The Big Ten’s first place picks make a very small percentage of its total BCS participants, thanks to having the smallest number of first place picks make the BCS but the largest number of BCS teams.
The Big 12 and especially the SEC had trouble putting their preseason first place picks in the BCS. In the case of the Big 12, part of it was guessing incorrectly as to whether OU or Texas would win the South. The SEC was a little messier, and I’ll explain more about that later.
Consensus Teams
I finally took a look at consensus teams. In this case, I defined a “consensus team” as a team that received three or fewer rankings of below first for its conference/division.

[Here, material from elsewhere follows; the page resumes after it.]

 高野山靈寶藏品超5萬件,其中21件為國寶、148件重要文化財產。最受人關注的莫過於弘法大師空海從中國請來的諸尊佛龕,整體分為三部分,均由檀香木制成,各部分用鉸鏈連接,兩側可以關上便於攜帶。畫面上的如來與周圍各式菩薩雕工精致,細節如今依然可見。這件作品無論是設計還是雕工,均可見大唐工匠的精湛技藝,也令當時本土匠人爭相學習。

Surprisingly, only 29 of the 47 (61.7 percent) consensus teams made the BCS. Here is the number of consensus teams by year:
| Season | Consensus Teams |
|---|---|
| 1998 | 4 |
| 1999 | 5 |
| 2000 | 4 |
| 2001 | 3 |
| 2002 | 4 |
| 2003 | 4 |
| 2004 | 6 |
| 2005 | 6 |
| 2006 | 8 |
| 2007 | 4 |
It’s interesting that from 1998 to 2003, there were never more than five consensus teams, and that only happened once. During that time, 69.57 percent of the consensus teams made the BCS.
In 2004 and 2005, there were six consensus teams, and in 2006 there were eight consensus teams. During those years where everyone suddenly agreed more often, just 45 percent of consensus teams made the BCS. Things toned down a bit in 2007, when all four consensus teams got to BCS bowls.

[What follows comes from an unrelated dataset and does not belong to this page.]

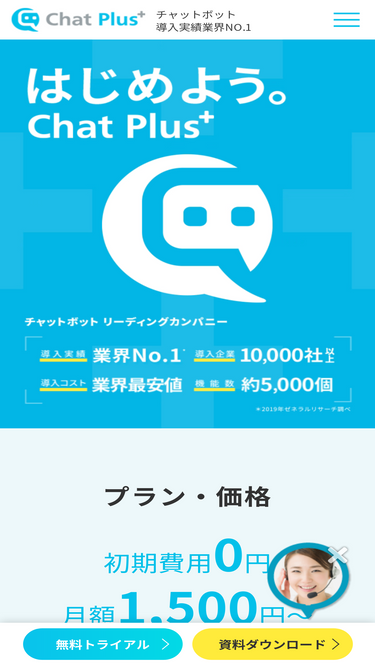 97%チャットボット導入実績業界No.1のチャットプラスは、月額1,500円で運用可能な多機能型チャットサポートツール!ユーザーの自己解決を促進する最先端AIを活用したFAQシステムのFAQプラスは初期費用0円!

The Big Ten has only had five consensus teams, but all five have made the BCS. It appears that when everyone agrees on the Big Ten, its preseason champ makes the BCS; when everyone doesn’t necessarily agree, it’s preseason champ doesn’t make the BCS.

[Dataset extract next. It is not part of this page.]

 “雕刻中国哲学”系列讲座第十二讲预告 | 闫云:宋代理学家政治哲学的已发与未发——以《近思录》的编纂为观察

The Pac-10 has also had just five consensus teams. Only 1999 Arizona failed to make the BCS; the other four were USC from 2003-07. That’s an 80 percent success rate.
Next up in accuracy was the Big 12, which had nine consensus division winners in the BCS era. Seven of them made the BCS for a 77.8 percent accuracy rate. The two that missed it were 1999 Texas A&M and 2006 Nebraska.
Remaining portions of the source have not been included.